The lion had gone back to sleep. “Don’t you think that that beast needs a bigger cage?” she asked. The realization that Berwick must be intimately related to the prince made him somehow easier to speak to.

“How much bigger would you advise?”

“Well, think about pig enclosures. You could put a large sow and all her piglets in a six-by-six enclosure, but I believe most farmers consider a larger space preferable. This lion has less space than a fallow pig. That can’t be right.”

She looked up at Berwick to find that he was blinking down at her in a puzzled sort of way. “I shouldn’t know the size of a sow’s sty,” she said, sighing.

“Who is to say what one should and shouldn’t know?” Berwick murmured. “But I will admit that the few English ladies I encountered during my time at Oxford appeared to find an extraordinary number of topics indelicate.”

“Oh, were you at Oxford as well?” she asked. “Or were you there as the prince’s attendant?”
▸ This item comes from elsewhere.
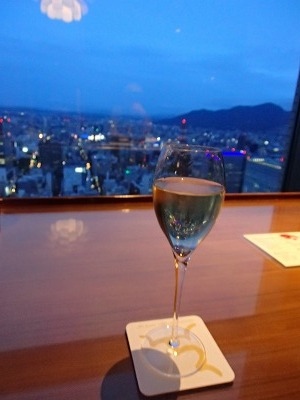 JRタワーの展望台に入るには700円?900円?かかるそうです. それならホテルのバーで一杯やりながら俯瞰しよう、とハッピーアワー17:30を予約. 時節柄、ホテルエレベータ前が関所. ホテルマンが一人ひとりに「どちらへ?」「ご宿泊のお客様ですか?」と問い、検温しなくちゃ先に進めない仕組み. 上に上がって来たら、このフロアにある飲食の受付

“As myself,” Berwick said cheerfully. “And myself attends the prince, so it worked out very well for both of us. I studied philosophy and he studied history and we both studied women. We were very young, you understand.”

Kate grinned at him. “Does philosophy help you in your current position?”

“You can have no idea,” Berwick said. “I resort to philosophical reasoning on a daily basis when things get sticky.”

“Matters of precedence and such?”

“The prince’s relatives,” he said with some vehemence, “are an unruly lot. Did you meet Mr. Tippet last night?”

Kate frowned. “Rather pale and a bit plumpy?”

“That’s he. Mr. Tippet is a reader attached to one of His Highness’s aunts. You might remember Princess Sophonisba by her penchant for wearing plumes.”

Kate brought to mind a fierce-looking woman with a bosom like a plow. “How nice that she has someone to read to her,” she said politely.

“Tippet reads palms. Or so he says,” Berwick added with an elegant touch of doubt. “At any rate, he is being driven quite mad by Prince Ferdinand, who demands that he read his palm over and over, searching for a better answer.”